Modelo Denver de Intervenção Precoce

Método de tratamento precoce para crianças com sinais de autismo

O Modelo Denver de Intervenção Precoce (em inglês: Early Start Denver Model), às vezes chamado apenas de ESDM pelo seu acrônimo em inglês, é uma forma de terapia dirigida a jovens crianças que apresentam sinais precoces de estar no espectro do autismo. O modelo foi proposto pelas psiquiatras americanas Sally J. Rogers e Geraldine Dawson. Destina-se a ajudar as crianças a melhorar traços de desenvolvimento o mais cedo possível, de modo a reduzir ou eliminar as lacunas nas capacidades entre o indivíduo e seus pares.

Histórico editar

As psiquiatras americanas Sally J. Rogers e Geraldine Dawson começaram a desenvolver o Early Start Denver Model durante durante a década de 1980.[1] Enquanto trabalhava na Universidade do Colorado, em Denver, Rogers oferecia o que inicialmente chamava de "modelo de escola de brincar" de intervenção, que era aplicado a crianças na pré-escola durante suas atividades lúdicas regulares.[2] O modelo era baseado na teoria do desenvolvimento cognitivo de Piaget[2] e veio a ser descrito por Rogers e Dawson como o "modelo de Denver", ou Modelo Denver, em alusão à cidade onde surgiu.[3]

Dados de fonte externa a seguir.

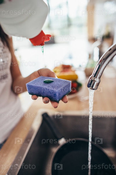 Женщина наносит моющее средство на губку. Мытье посуды вручную
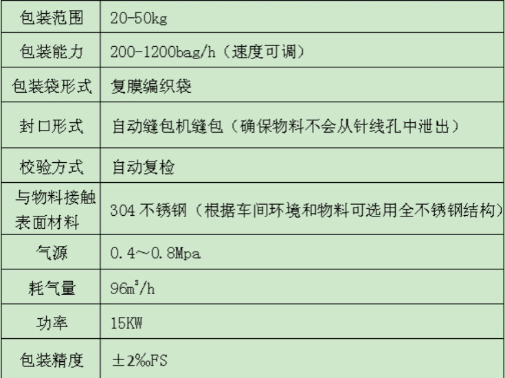有機肥全自動包裝秤能滿足粉體物料或顆粒物料(稱重范圍10-50kg)產品的稱重、供袋、取袋、夾口、裝袋、折邊、縫袋、倒袋整形、重量檢測、超限剔除、自動壓平、調姿、編組、分層升降等作業,并全部實現自動化。可包裝:有機肥、復合(混)肥、摻混肥、樹脂包衣尿素、硫包衣尿素;稱量范圍:25、50㎏/bag;包裝速度:400-600bag/h(可根據物料特點及客戶要求);稱量精度:±2‰;正常進口溫度:常溫;安裝位置:室內;工作環境溫度:-20~+45℃;包裝袋:包裝袋結構形式:塑料編織袋,單向開口,內覆塑料膜包裝袋規格:50kg:800(長)*560(寬)*150(高),40kg:800(長)*500(寬)*130(高);包裝袋制造標準:符合GB/T15063---2001,重量120克及以上。

Em 2010, as duas pesquisadoras publicaram o livro Early Start Denver Model for Young Children with Autism: Promoting Language, Learning, and Engagement,[4] no qual o ESDM é manualizado e descrito em detalhes. O livro foi traduzido para o português em 2014, sendo intitulado "Intervenção Precoce em Crianças com Autismo".[5] O método geralmente dirigido a crianças entre 12 e 48 meses de idade,[6] e está intimamente relacionado com Análise Aplicada do Comportamento (ABA), influenciando e sendo influenciado por este campo de trabalho, embora não seja, tecnicamente, uma forma de ABA.[2][7]

Descrição editar

O Modelo Denver visa utilizar “rotinas de atividades conjuntas” que explorem os interesses naturais da criança para explorar o seu potencial de aprendizagem, moldando suas atividades cotidianas com seus cuidadores para maximizar o seu potencial de desenvolvimento de acordo com o diagnóstico que se faça de seu nível de desenvolvimento.[7]

Rogers e Dawson descrevem os principais recursos do ESDM como:[4]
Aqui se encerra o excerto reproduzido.